[Collected data]

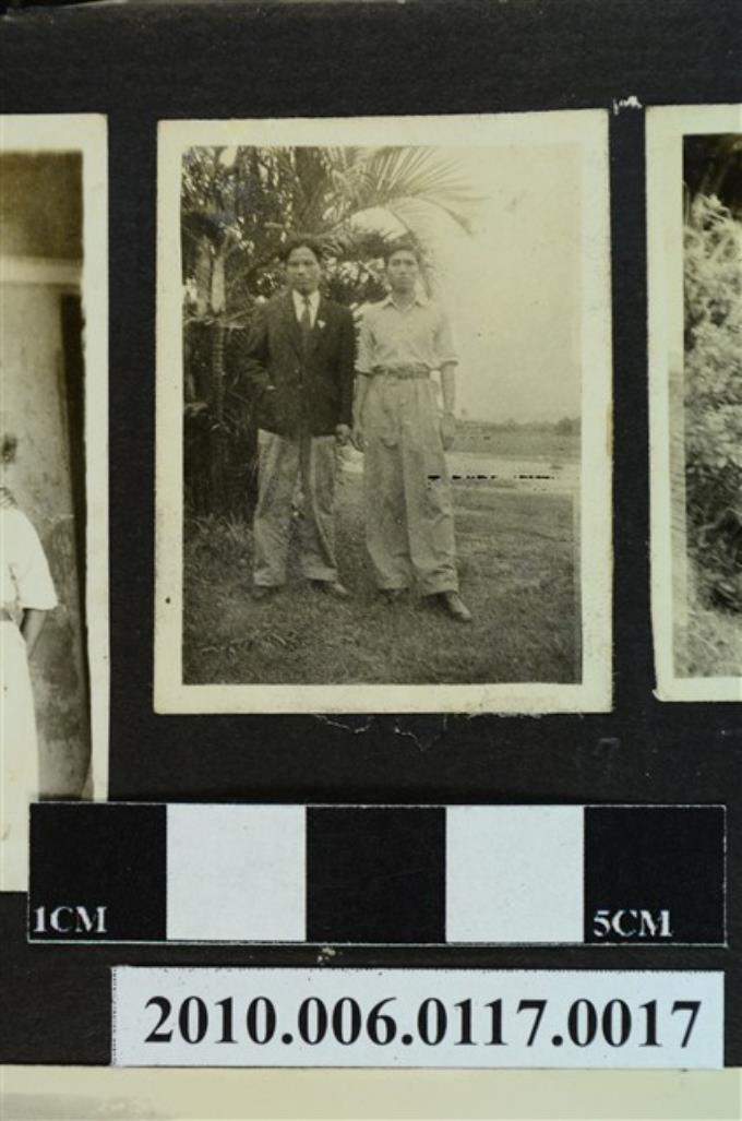 兩位男子於樹叢合影之照片
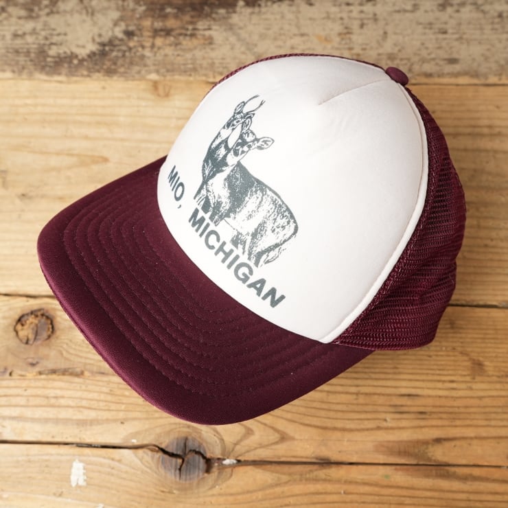 80s 90s USA MIO, MICHIGAN メッシュキャップ 帽子 ボルドー レッド フリーサイズ アメリカ古着 061125ss107
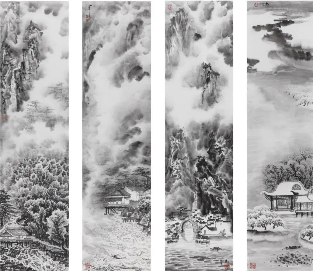《春夏秋冬》 纸本水墨 138cm×34cm×4 2019年内容合作:
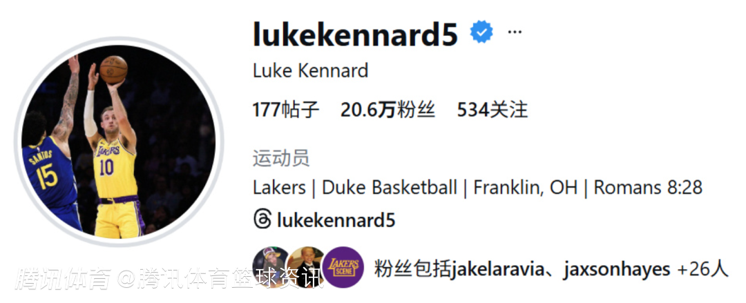 湖人新援肯纳德更新INS头像 选用紫金生涯首粒三分瞬间
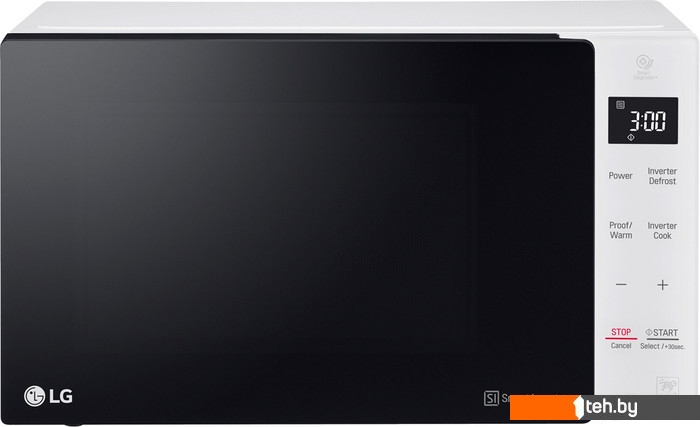 - 20-28 л. Средний размер. Могут иметь дополнительные режимы. Такие печи считаются самыми востребованными. Хороший пример — Samsung MS23T5018AP/BW с вместительностью 23 л, мощностью 800 Вт и несколькими дополнительными программами, в том числе размораживание и поддержание тепла.
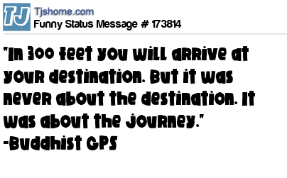 - # 143465 "In 300 feet you will arrive at your destination. But it was never about the destination. You know that now." - Buddhist GPS
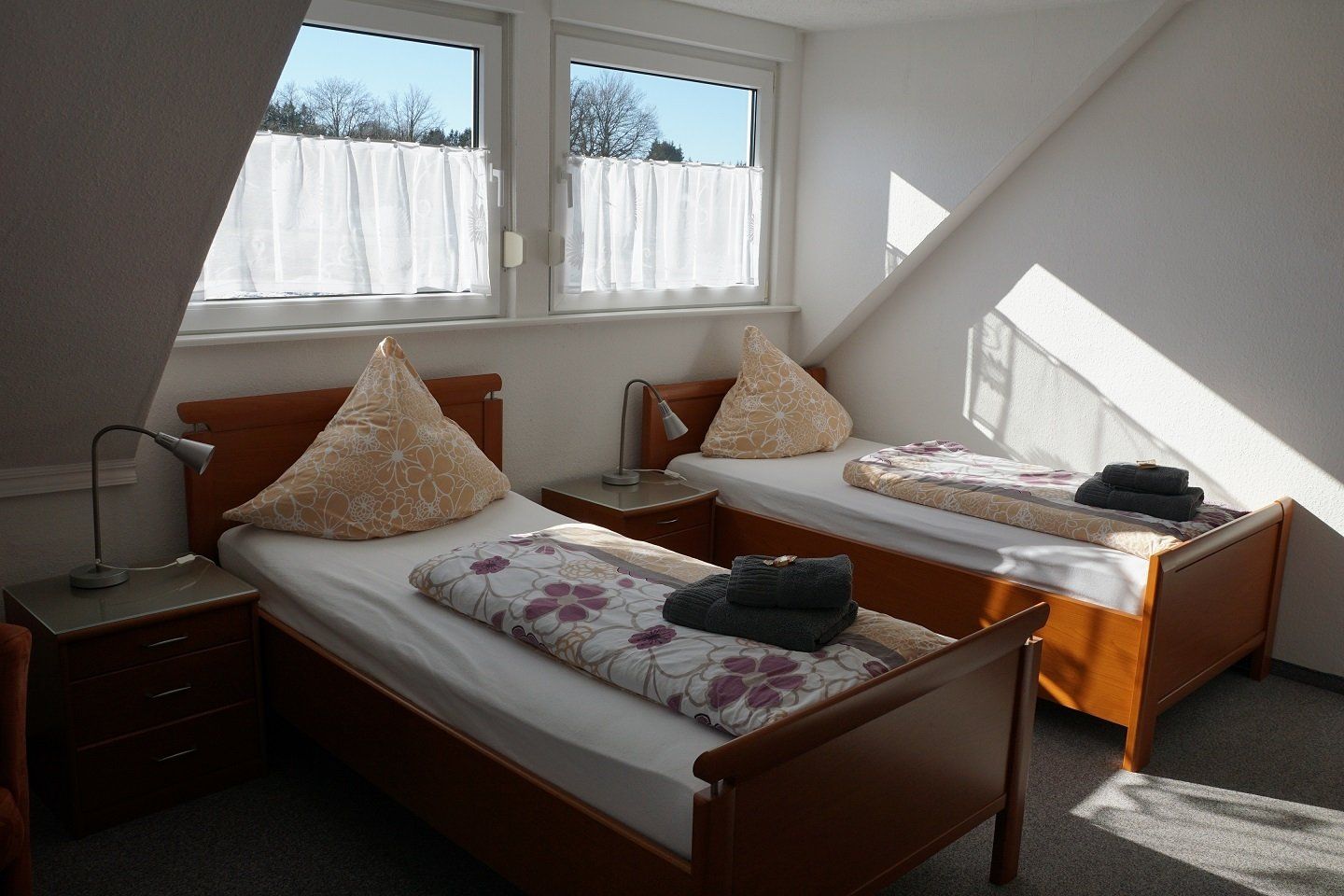 Die Nichtraucher-Wohnung ist für 4 Personen ausgelegt. Sie verfügt über zwei getrennte Schlafzimmer. Ein Schlafzimmer ist mit einem Doppelbett eingerichtet, in dem zweiten Schlafzimmer sind zwei Einzelbetten, die mit einem elektrischen Lattenrost ausgestattet sind. Ein Kindergitterbett und ein Kinderhochstuhl befinden sich in der Wohnung.

What to produce:
The response must repeat all the lines above exactly and include no pictures.

Exercise answer:
 兩位男子於樹叢合影之照片
 80s 90s USA MIO, MICHIGAN メッシュキャップ 帽子 ボルドー レッド フリーサイズ アメリカ古着 061125ss107
《春夏秋冬》 纸本水墨 138cm×34cm×4 2019年内容合作:
 湖人新援肯纳德更新INS头像 选用紫金生涯首粒三分瞬间
 - 20-28 л. Средний размер. Могут иметь дополнительные режимы. Такие печи считаются самыми востребованными. Хороший пример — Samsung MS23T5018AP/BW с вместительностью 23 л, мощностью 800 Вт и несколькими дополнительными программами, в том числе размораживание и поддержание тепла.
 - # 143465 "In 300 feet you will arrive at your destination. But it was never about the destination. You know that now." - Buddhist GPS
 Die Nichtraucher-Wohnung ist für 4 Personen ausgelegt. Sie verfügt über zwei getrennte Schlafzimmer. Ein Schlafzimmer ist mit einem Doppelbett eingerichtet, in dem zweiten Schlafzimmer sind zwei Einzelbetten, die mit einem elektrischen Lattenrost ausgestattet sind. Ein Kindergitterbett und ein Kinderhochstuhl befinden sich in der Wohnung.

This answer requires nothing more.